Intriguingly, our data suggest that patients with diabetes are less likely to develop LS, a previously unreported finding. It should be noted that 10.2% of our cohort had diabetes compared to 3.9% and 4.1% in similar studies [
13,
15]. Nine of 13 diabetic patients in our cohort took metformin (the one diabetic patient with LS also took metformin). This drug has been suggested to have anti-inflammatory and anti-oxidant neuroprotective effects in mouse models of MS [
25,
26], whilst a significant anti-inflammatory effect of metformin and pioglitazone has also been shown in patients with MS and metabolic syndrome [
27]. However, more investigation would be needed to ascertain whether these benefits are also seen in radiation-induced demyelination.

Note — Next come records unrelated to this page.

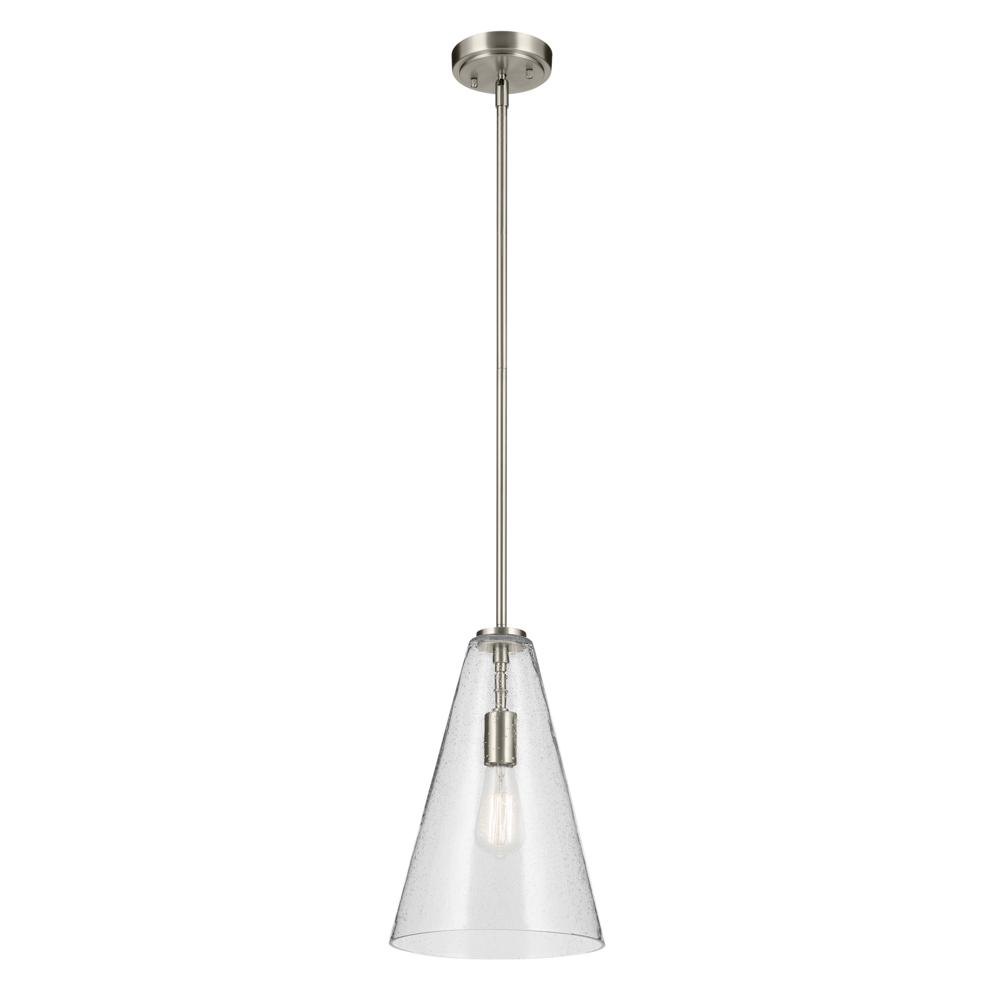 A modern style with minimal detailing, the Everly 1-light pendant easily elevates the style of soft modern environments. This elegant pendant offers a conical form and contemporary, clear seeded glass that creates a soft, ambient glow, adding warmth as it shines. As beautiful as it is versatile, adjust the hanging height to meet the needs of your space
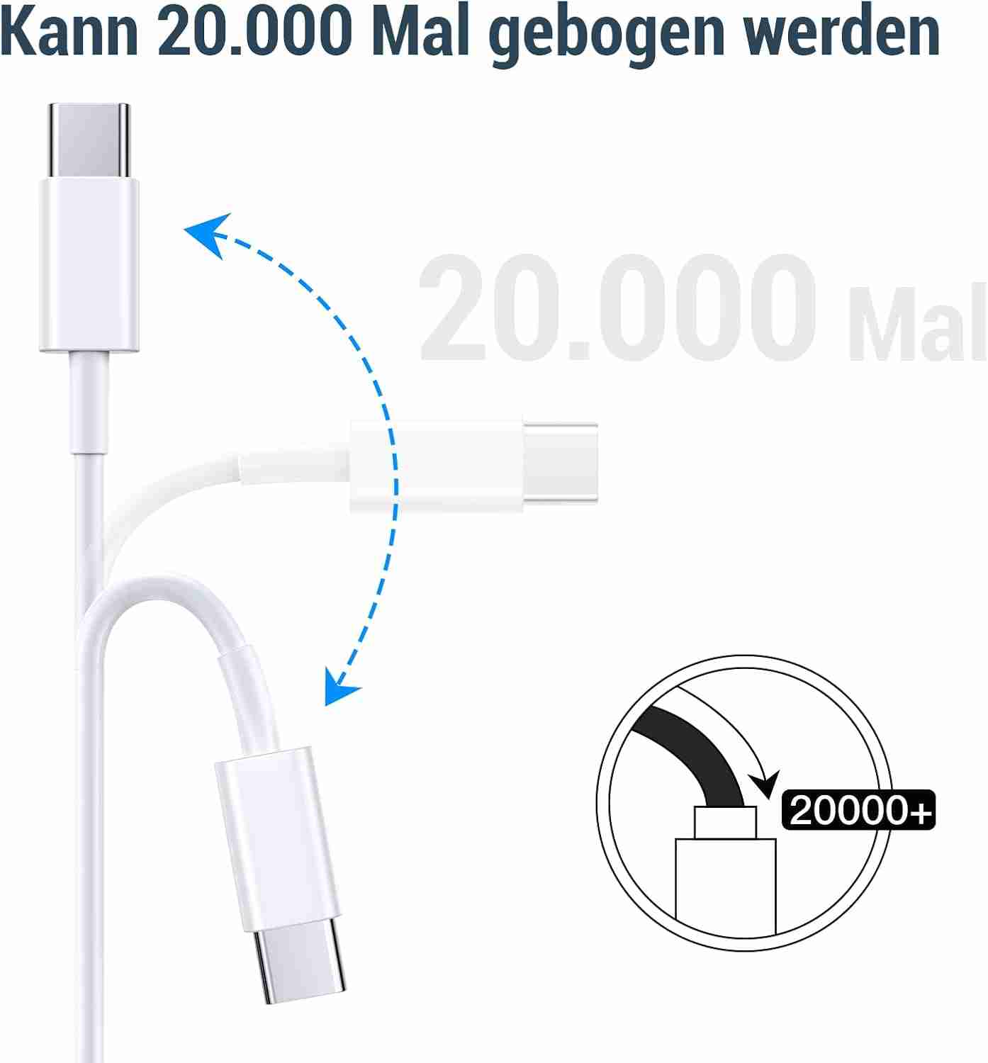 Excellent Durability: The USB C to C Charging Cable have undergone rigorous laboratory testing and can withstand more than 12,000 bends.
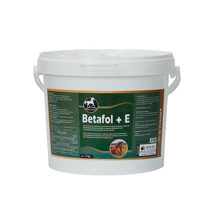 Beta Karoten+Folik asit+Vit E: Kış aylarına rastlayan üreme mevsiminde; gün ışığı ve yeşil beslenme yetersizliği, kısrakların üreme fonksiyonlarını etkileyen beta karoten, folik asit ve E vitamini düzeylerinin normal değerlerin altına düşmesine neden olur. Proteinle zenginleştirilen Betafol+E; vitamin düzeylerini yükselterek,
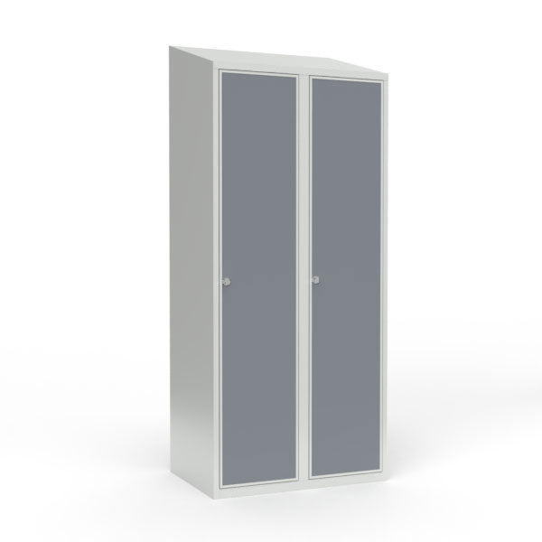 Skoleskab 2x400 Skråt tag 1 rum i højden Lys grå laminatdør Greb for hængelås
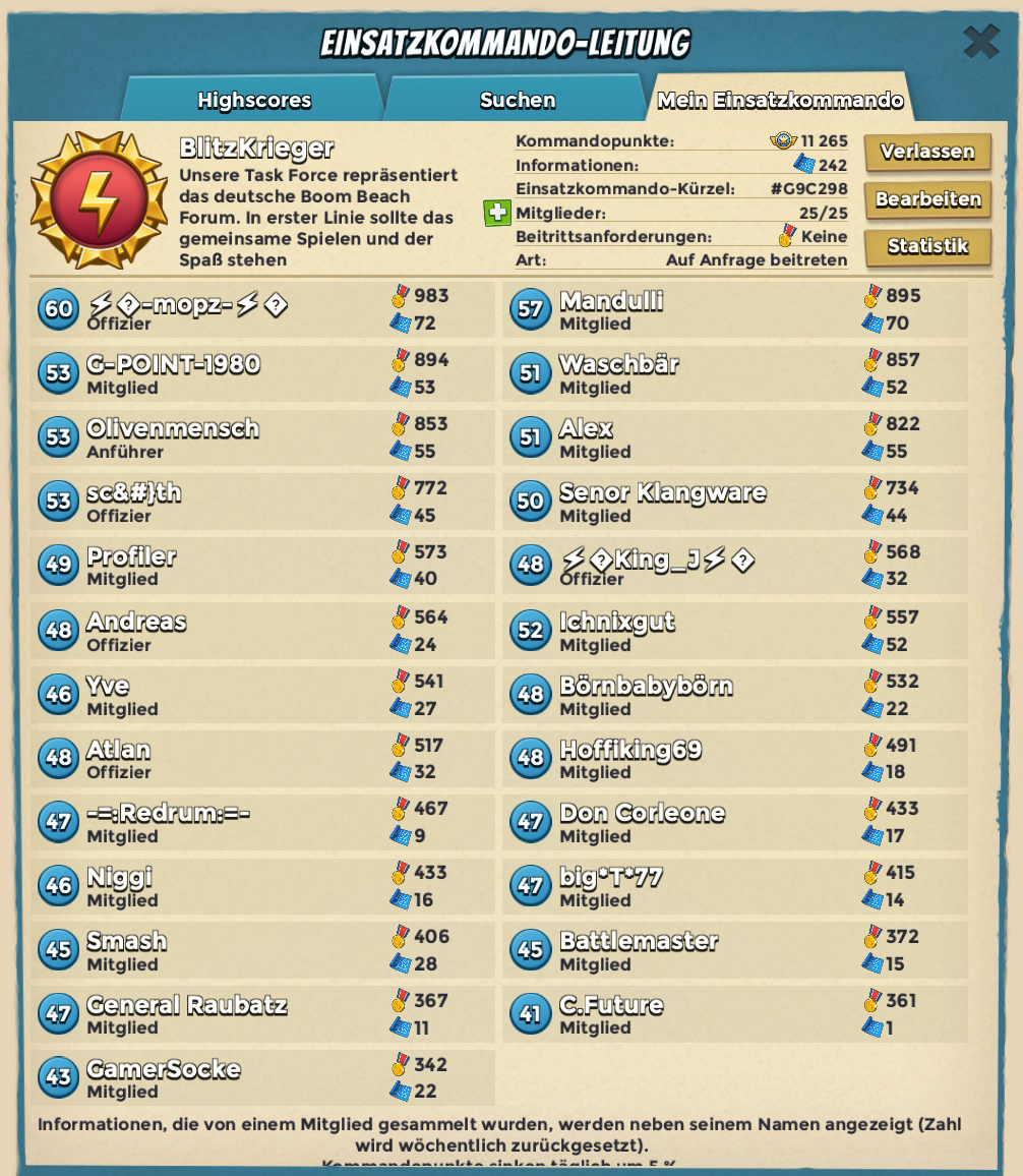 Die BlitzKrieger sind eine der ersten TFs dieses Forums. Wenn Du häufiger im Forum ließt, wirst Du die meisten von uns kennen. Bei uns haben sich 25 Spieler zusammen gefunden, die am Anfang noch sehr klein waren, oder die einfach ohne großen Druck spielen wollten. Heute sind unsere Spieler zwischen Level 43-60 und man wird den Eindruck nicht los, irgendwann werden die Letzten die Ersten sein. ![]()
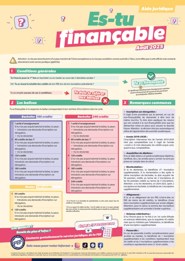 La FEF met à disposition des étudiant·e·s de la Fédération Wallonie-Bruxelles et de ses Conseils étudiants une série de fiches info “AIDE JURIDIQUE” abordant différentes thématiques telles que l’admission aux études, les droits des étudiant.e.s au CPAS, les allocations d’études supérieures, …
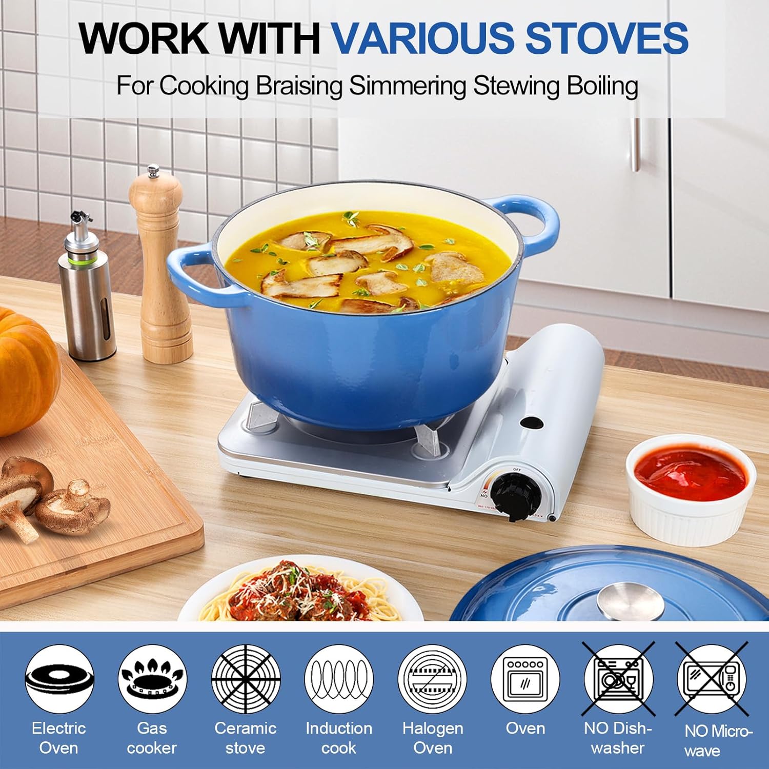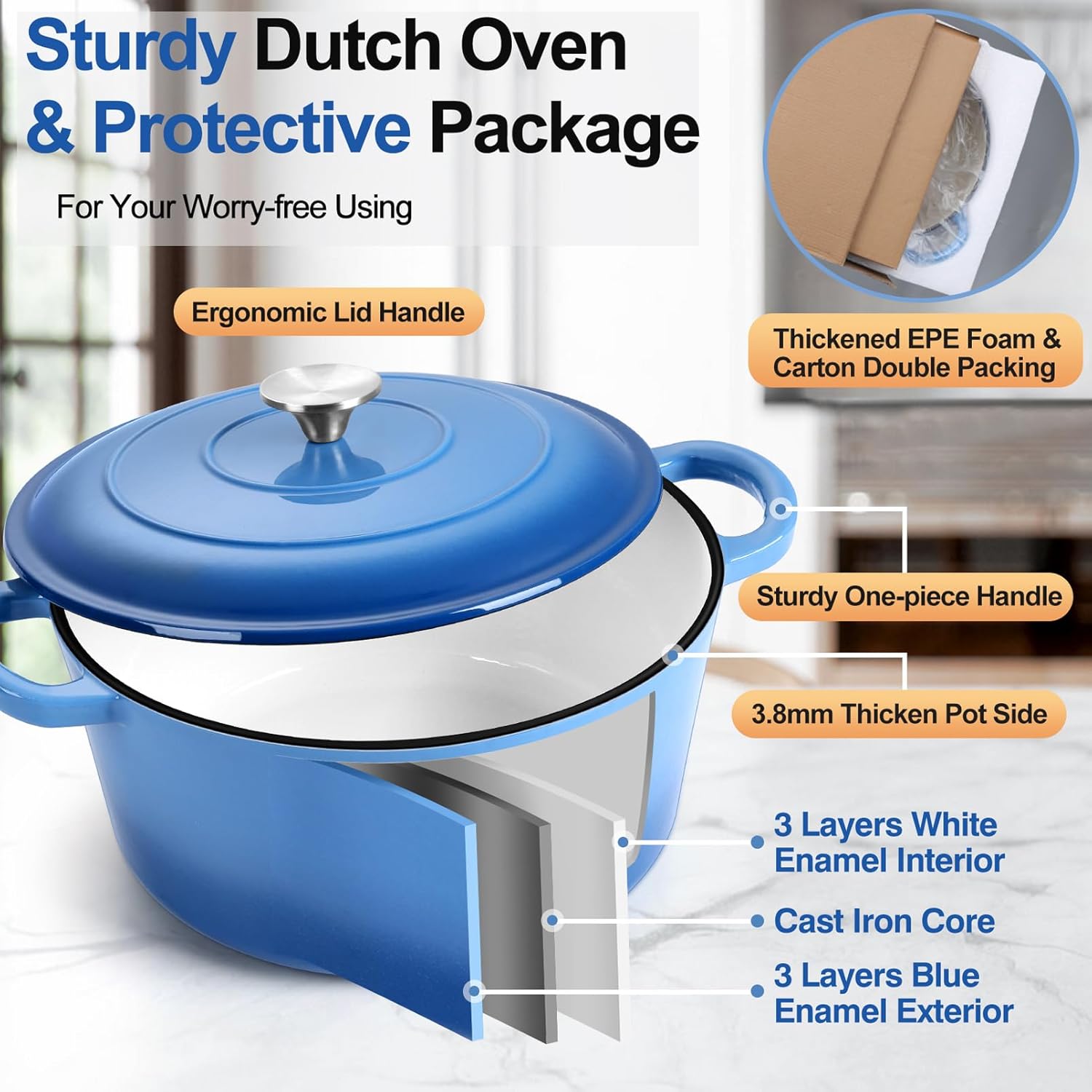 - 【Thoughtful Designs】Our dutch oven pot with lid comes with double packing of thickened EPE foam & carton, Protect your dutch oven roundly in delivery, Matching cast iron lid with exquisite stainless steel knob provide comfortable holding, Double wide sturdy one-piece handles ensure a secure grasp, No worries about handles falling apart, And easy to carry more food, Bright blue color will brighten up your kitchen and fit well with various kitchen styles

Lastly, patients with LS were significantly more likely to have had unilateral neck radiation. A ‘bath and shower’ effect, whereby radiation tolerance is reduced if an area of high dose is surrounded by an area of low dose, was first demonstrated in rat spinal cords [
16,
28]. It is hypothesised that low dose radiation prevents oligodendrocyte migration to repair damage, and can alter gene expression [
29,
30]. This effect was sought, but not found in a previous clinical study [
13]. However, Ko and colleagues observed LS exclusively in patients that received unilateral radiotherapy (5 of 33 patients), and suggest that axial dose inhomogeneity may contribute to the development of LS [
12]. Other authors postulate that anterior-posterior dose gradients may be significant because of spinothalamic tract damage [
31].
In addition to a relationship between unilateral neck irradiation and LS, we also found that unilateral neck treatment plans had much more inhomogeneous SC dosimetry. Although this inhomogeneity was not an independent risk factor for LS in the multi-variate model, this may be due to the close association with treatment laterality, and the possibility of diluted statistical power within the model. Our interpretation of these data are as follows; firstly, to corroborate previous findings of higher LS risk in patients undergoing unilateral neck treatment, secondly to suggest that inhomogeneous SC dose distributions may be a mechanistic factor in this effect, and finally that a paradoxically rising incidence of LS may in part be due to the greater SC dose inhomogeneity that IMRT confers. It is clear however that understanding of neurological response to complex dose distributions is incomplete.